If the underlying expression doesn’t match very closely then the optimizer will not be able to use the index, so be sure to take care when creating your generated column. The MySQL documentation explains the optimizer's use of generated column indexes in further detail.
Functional indexes
Beginning with MySQL 8.0.13, you're able to skip the intermediate step of creating a generated column and create what is called a "functional index." The MySQL documentation calls these functional key parts.
A functional index is an index on an expression rather than a column. Sounds a lot like a generated column, doesn’t it? There’s a reason it sounds similar, and that’s because a functional index is implemented using a hidden generated column! We no longer have to create the generated column, but a generated column is still being created.
There are a few gotchas with functional indexes though, especially when it comes to using them for JSON.
It would be nice to create our JSON index like this:
ALTER TABLE activity_log ADD INDEX email ((properties->>"$.request.email")) USING BTREE;
But if you do try that, you get a nasty error:
Query 1 ERROR: Cannot create a functional index on an expression that returns a BLOB or TEXT. Please consider using CAST.
So what’s going on here? In our earlier examples, we were the ones in charge of creating the generated column and we declared it as a VARCHAR(255)
, which is easily indexable by MySQL.
However, when we use a functional index, MySQL is going to create that column for us based on the data type that it infers. JSON_UNQUOTE
returns a LONGTEXT
value, which is not able to be indexed.
Fortunately, the error message points us in the right direction: we need to cast our value to a type that is not LONGTEXT
. Casting using the CHAR
function tells MySQL to infer a VARCHAR
data type.
ALTER TABLE activity_log ADD INDEX email ((CAST(properties->>"$.request.email" as CHAR(255)))) USING BTREE;
Now that we’ve added the index, we’ll see if it works by running an EXPLAIN
.
mysql> EXPLAIN SELECT * FROM activity_log -> WHERE properties->>"$.request.email" = 'little.bobby@tables.com'; *************************** 1. row *************************** id: 1 select_type: SIMPLE table: activity_log partitions: NULL type: ALL possible_keys: NULL key: NULL key_len: NULL ref: NULL rows: 1 filtered: 100.00 Extra: Using where
Unfortunately, our index isn’t being considered at all, so we’re not out of the woods yet.

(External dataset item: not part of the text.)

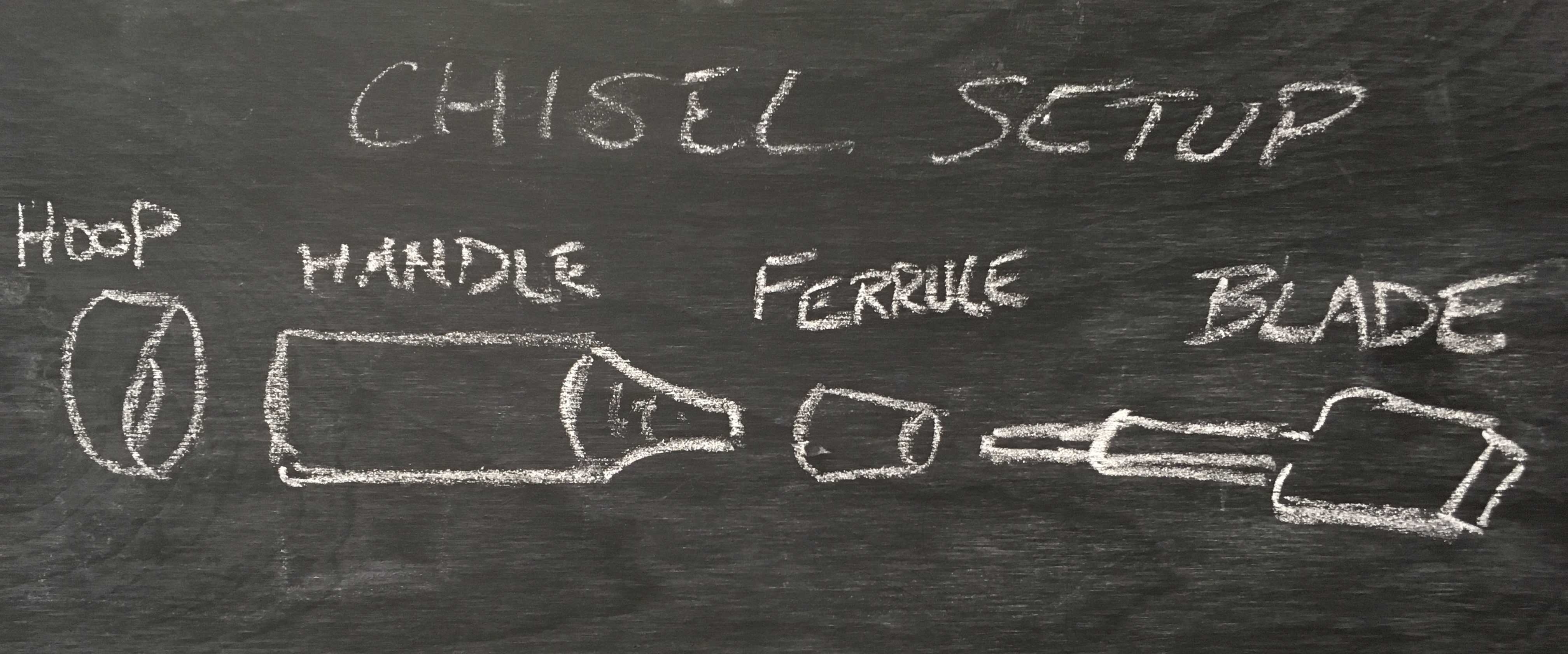 A Japanese chisel consists of four parts.  There is a blade, ferrule, handle and hoop.  The blade has a tang that is inserted into the handle.  This joint is reinforced by a metal ferrule.  The blade shoulders against the ferrule and the ferrule transfers compression into the handle.  The metal hoop at the top of the handle serves to prevent hammer blows from splitting the handle.  Historically these hoops are left loose by the maker and it is up to the end user to set the hoop before the chisel is put to use.

Unless otherwise specified, casting a value to a string sets the collation to utf8mb4_0900_ai_ci
. The JSON extraction functions, on the other hand, return a string with a utf8mb4_bin
collation. Therein lies our problem! Because the collation is mismatched between the query's expression and the stored index, our new functional index isn’t being used.
The final step is to explicitly set the collation of the cast to utf8mb4_bin
.
ALTER TABLE activity_log ADD INDEX email (( CAST(properties->>"$.request.email" as CHAR(255)) COLLATE utf8mb4_bin )) USING BTREE;
Rerunning the previous EXPLAIN
, we can see that we’re finally in a position to use the functional index.
mysql> EXPLAIN SELECT * FROM activity_log -> WHERE properties->>"$.request.email" = 'little.bobby@tables.com'; *************************** 1. row *************************** id: 1 possible_keys: email key: email key_len: 1023 [...]: [...]
Clearly functional indexes come with a few pitfalls, some of which are explicit and easy to debug, and some that require a little bit more digging into the documentation.
Remember that functional indexes use hidden generated columns under the hood. If you prefer to take control of the generated column yourself (even in MySQL 8.0.13 and later) that’s a perfectly reasonable approach!
While direct JSON indexing may not be available in MySQL, indirect indexing of specific keys can cover a majority of use cases.
Don’t just stop with JSON, either! You can use generated columns and functional indexes across all types of common, hard to index patterns.
Go forth and index with confidence.